After switching the Leader, manually trigger a region split. It seems like this should fix the issue, as the new two regions should both be generated from the new Leader. However, this has not been verified.

| username: xfworld | Original post link

Multiple replicas and multiple nodes are designed to avoid such problems. It can affect production and serves as an isolation mechanism, which is already quite perfect.

As for early detection? How can you detect hardware failure… It’s a bit difficult… :see_no_evil:

| username: dba-kit | Original post link

Actually, there’s another issue here. When TiDB detects a Region corruption, it doesn’t automatically repair the data from other replicas, nor does it automatically switch the Leader to another replica. It was the business that discovered the problem and reported it to me, and I had to manually evict all Leaders on the affected TiKV to fix it.

| username: xfworld | Original post link

Let’s propose a requirement and see, this is equivalent to having self-healing capabilities…

| username: tidb菜鸟一只 | Original post link

Did you originally enable follower read, and then a TiKV node malfunctioned, affecting the business? Then did you urgently change it to read-only leader?

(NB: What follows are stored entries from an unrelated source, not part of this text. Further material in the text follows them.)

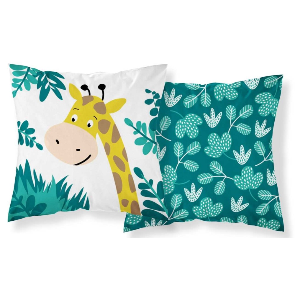 Krásný povlak na polštářek od firmy Detexpol s obrázkem žirafy v zeleném provedení. Povlak na polštářek je vyroben ze 100% bavlny se zapínáním na zip. Z každé strany povlaku je jiný motiv.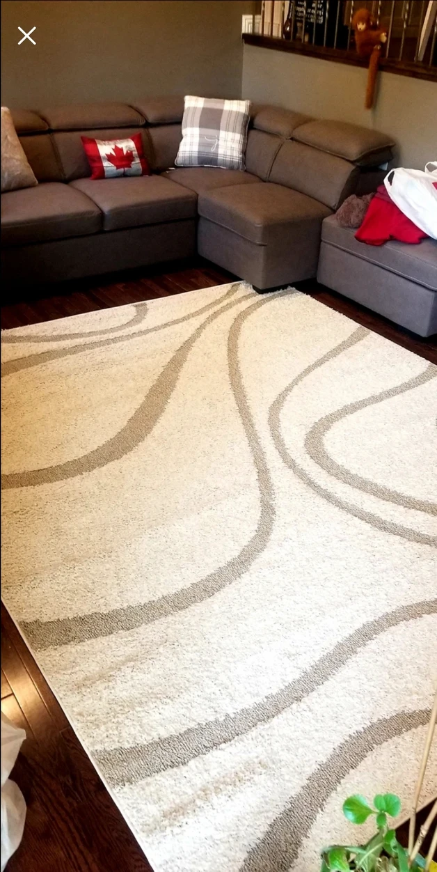 39Bought this rug when redecorating the living room but it ended up not being the right size and colour, and unfortunately I was unable to return it. Ended up buying a new one that worked well so looking to sell this to someone else to brighten up their space. Rug is an off white/cream colour with dark brown swirls and 8x10 in size. Bought it for $550 tax included.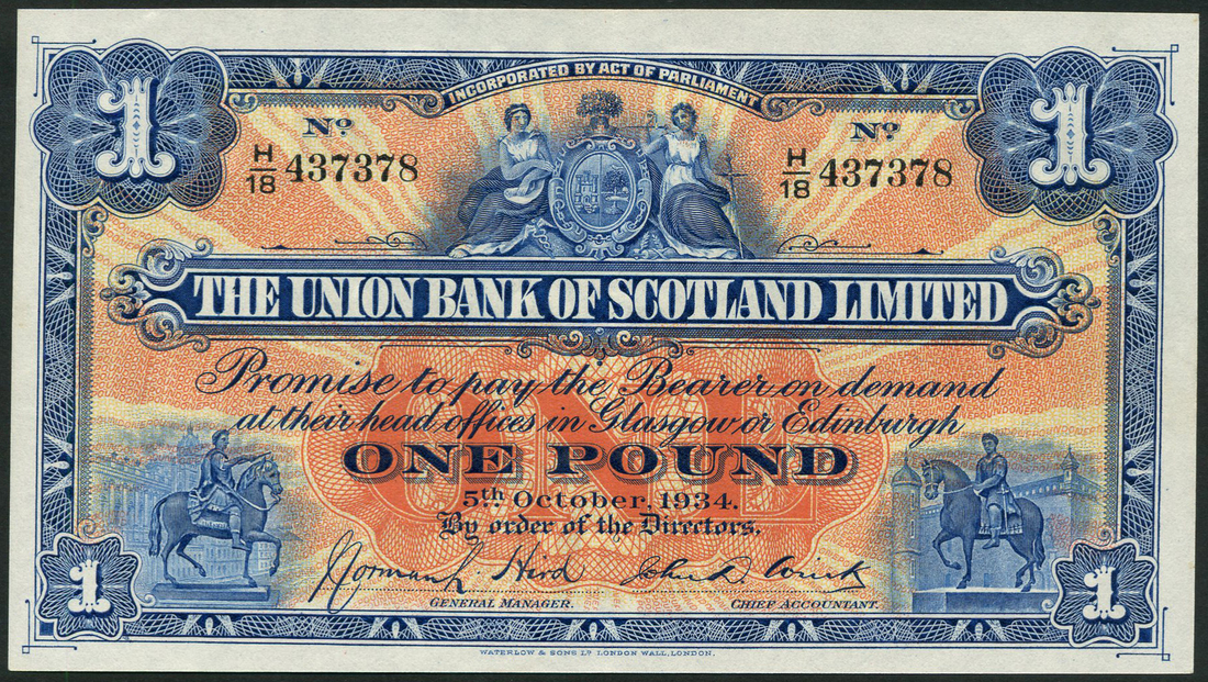 Union Bank of Scotland Limited, £1 (6), 2 June 1924 (specimen), no serial number, 3 October 1927, serial number C 530533, 2 January 1929, serial number D 935794, 5 October 1934, serial number H/18 437378, 31 May 1938, serial number M/30 728285 and 20 March 1946, serial number V/32 786435

| username: dba-kit | Original post link

Follower-Read was enabled, but the problematic replica was a Leader, and at that time, admin check table was reporting errors. After evicting the Leader, admin check table no longer reported errors, but the business still reported query errors. Only after remembering that Follower-Read was enabled and disabling it did the business return to normal.

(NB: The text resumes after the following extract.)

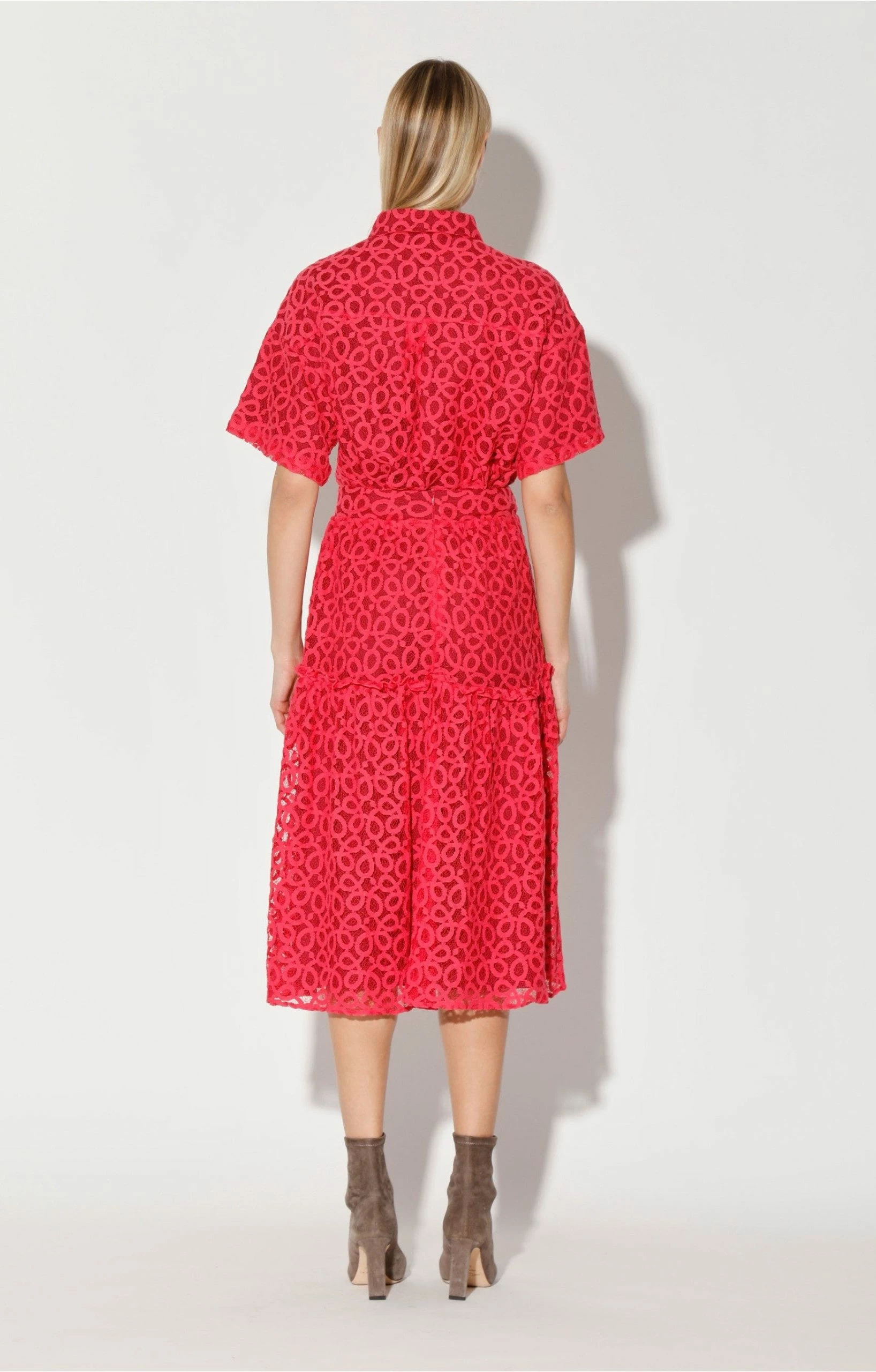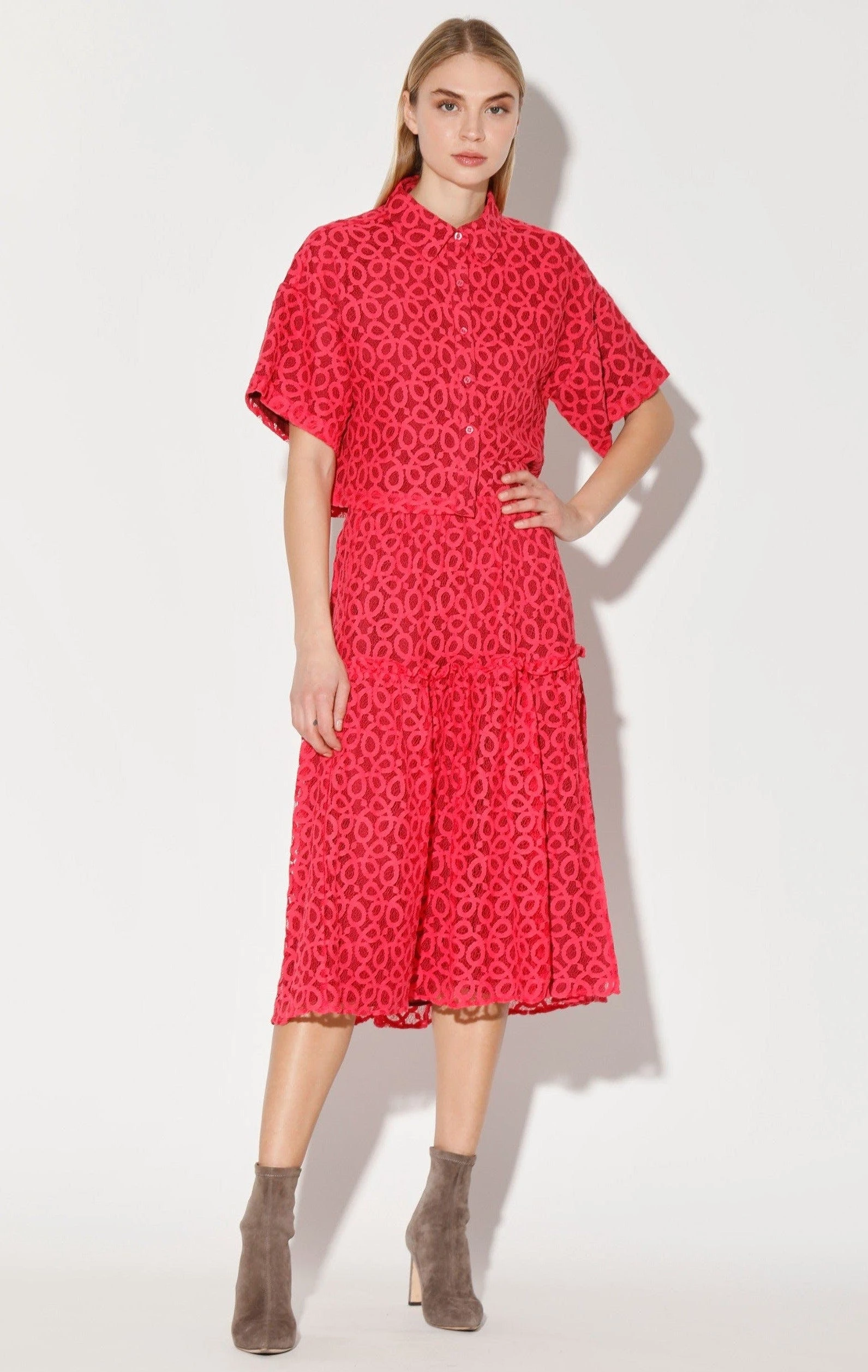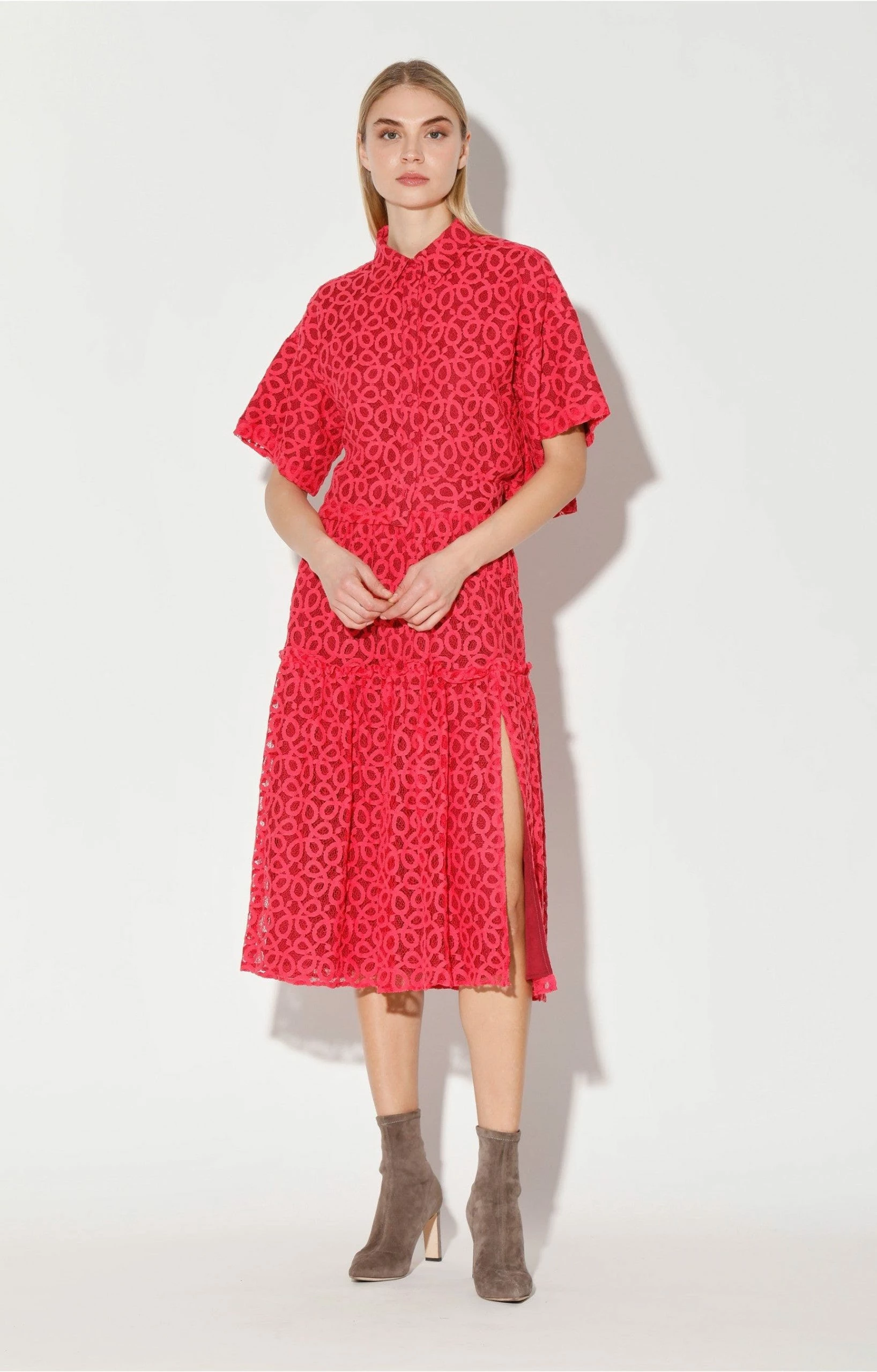 The Hydee Skirt is the ideal midi skirt in this lovely lace fabric with tiere detail and a front slit. Wear it with the Harrison Top for high end set style.

| username: xingzhenxiang | Original post link

This idea is very interesting. Here’s a suggestion: this can also improve TiDB’s maintainability. Keep it up!

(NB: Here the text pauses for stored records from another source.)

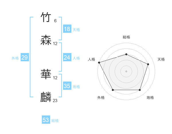 竹森 華麟さんの総格は53画の3点!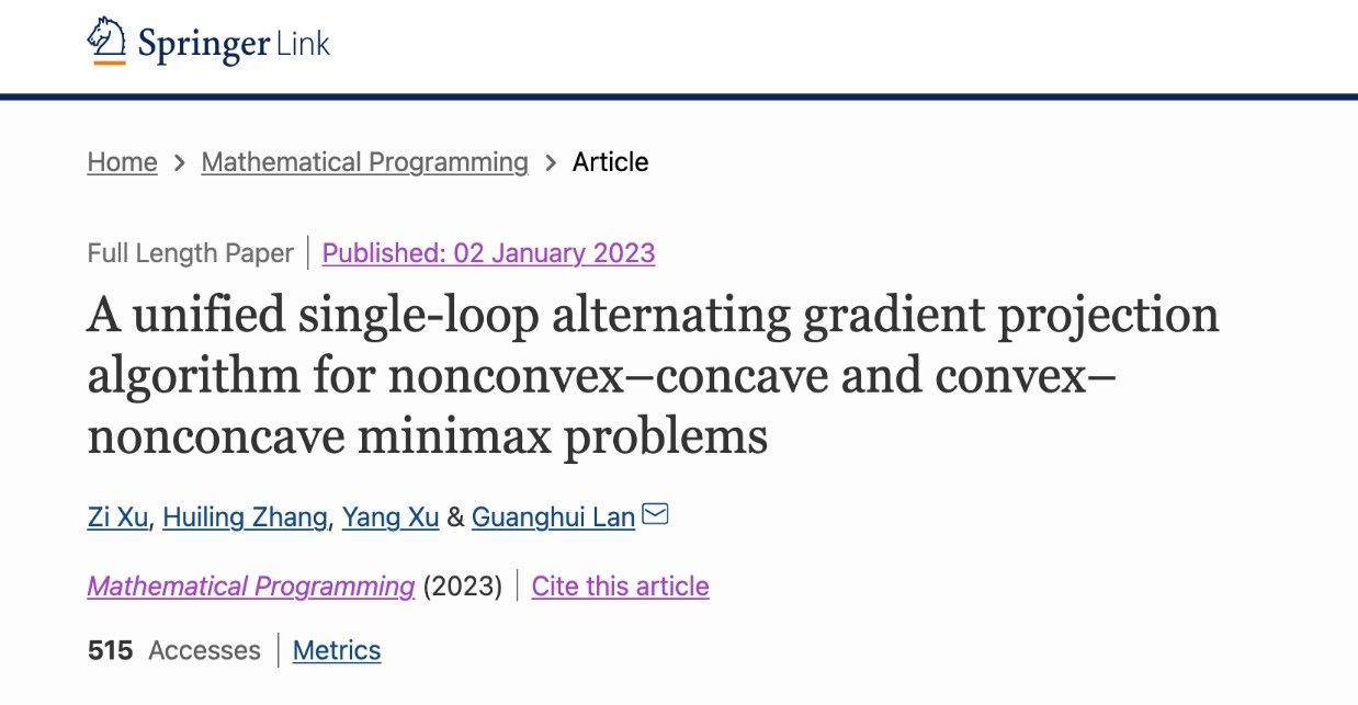 近日,数学系徐姿教授团队及其合作者在非凸极小极大优化问题的优化算法领域取得重要进展,相关研究成果以“A unified single-loop alternating gradient projection algorithm for nonconvex–concave and convex–nonconcave minimax problems”为题发表于国际运筹优化顶级期刊《Mathematical Programming》(中科院一区Top,中国数学会T1期刊,运筹优化领域国际三大顶级期刊之一)。该论文徐姿教授为第一作者,永利集团88304官网为第一署名单位。
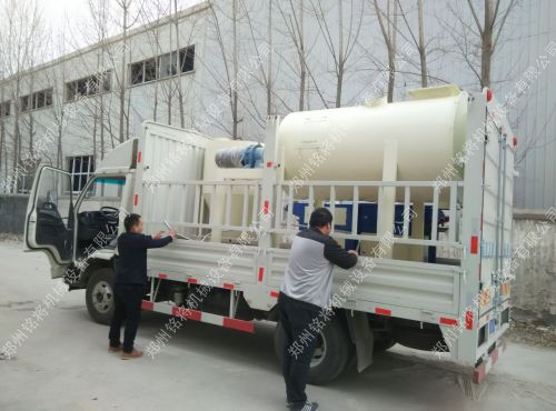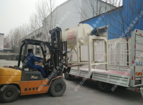 2016年03月13日,鄭州銘將機械設備有限公司新產品——改進型簡易干粉砂漿設備生產線裝貨完畢,如期發往西安。新產品帶單機的基礎上增加機械放料裝置,有閥口出料和敞口出料兩種,提高了生產效率。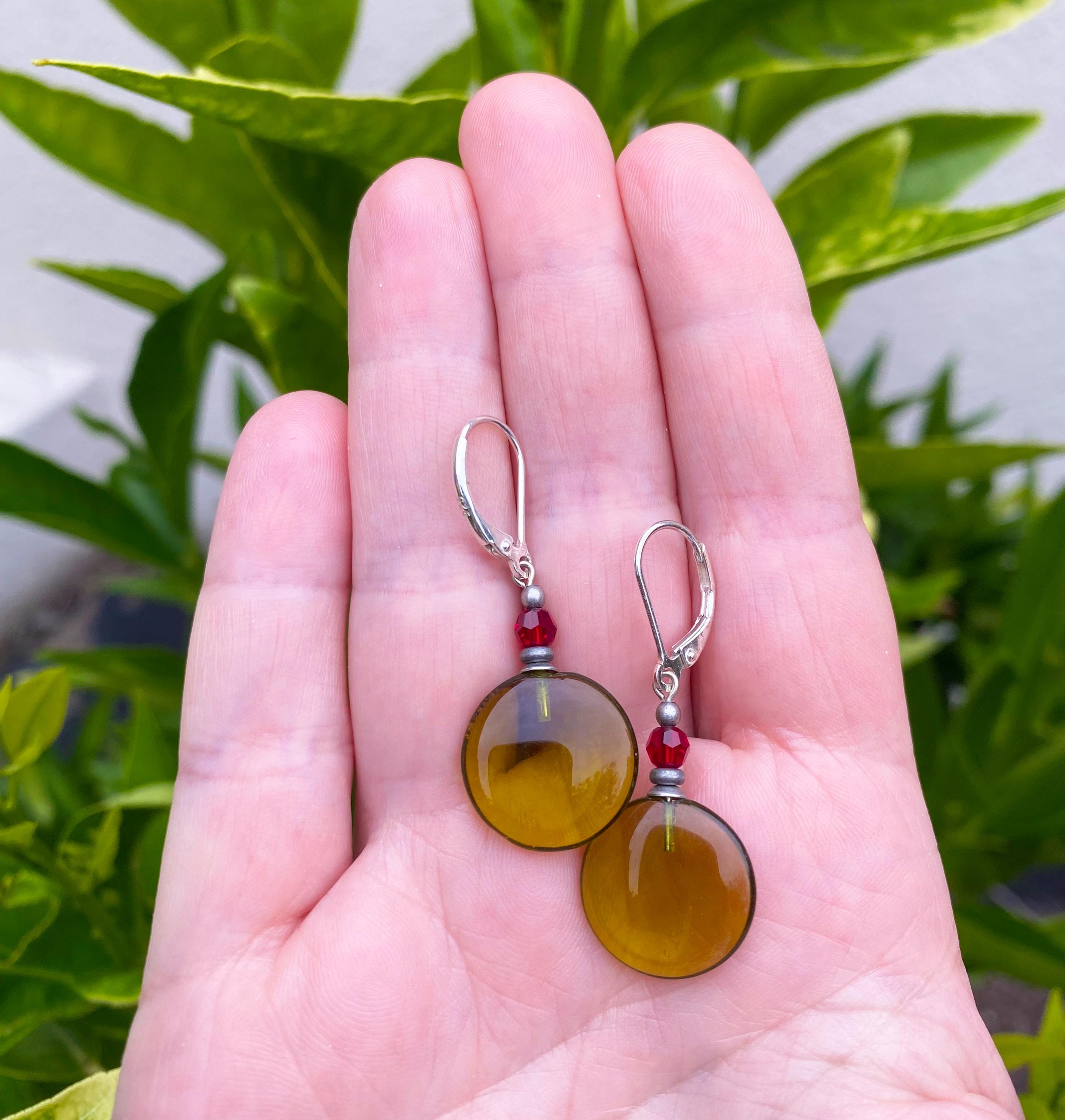 Olivine green glass earrings. These green drops were designed by Allen Owen and are made for us in Germany. The siam red top beads are Austrian crystal. Metal trim is antiqued silver-plated brass with sterling silver ear wires. Windows 7 measure 1 inch in length. All hand work done in the USA.

| username: TiDBer_jYQINSnf | Original post link

This error is reported by RocksDB. If you must fix it, check which region the key in this SST belongs to, and then migrate this region from this TiKV. It might be recoverable.

# ./tikv-ctl ldb dump --path=../db/17957911.sst --hex
Take the printed key and check it in PD. Just take the first and last two keys to see if they belong to the same region.
#region keys xxxxxx 
If they do not belong to the same region, use region sibling to check neighboring regions until they connect.
Once you find a group of regions, you can try deleting them with remove-peer.

However, it is not recommended to mess around like this. If it’s not a production environment, you can test it yourself for fun. If it is a production environment, it’s more reliable to rebuild. Also, don’t you guys use RAID for your disks? How can files get corrupted so easily?

| username: 像风一样的男子 | Original post link

Back in the day, I also tried to fix SST files like this. Even after the repair, there were still issues, so I ended up formatting the disk and reinstalling everything.

| username: TiDBer_jYQINSnf | Original post link

Your fix is impressive. It’s surprising that TiKV can directly check for corrupted SST files. I wasn’t aware of this before. :+1::+1::+1:

| username: dba-kit | Original post link

It’s a long story :sob:. Alibaba Cloud silently migrated the data on the local SSD disk in the background, and surprisingly, the memory and disk were not migrated together :neutral_face:.

| username: TiDBer_jYQINSnf | Original post link

Alibaba is playing tricks, online migration, awesome!
If something goes wrong, claim compensation :grin:

| username: dba-kit | Original post link

I’ve been working for Alibaba Cloud for the past month. I don’t know what’s going on with Zone D, but every change results in all instances in that zone being pushed maintenance events. There’s no way to cancel it, and we’re forced to upgrade to the so-called “latest architecture.”

| username: TiDBer_jYQINSnf | Original post link

This means your data has been corrupted, which is because you are using TiKV. If it were someone else’s single replica data, it would be truly lost.

| username: TiDBer_5Vo9nD1u | Original post link

Scaling up and down should be fine.

| username: Fly-bird | Original post link

Take this node offline, then deploy a new node, and the data will be synchronized.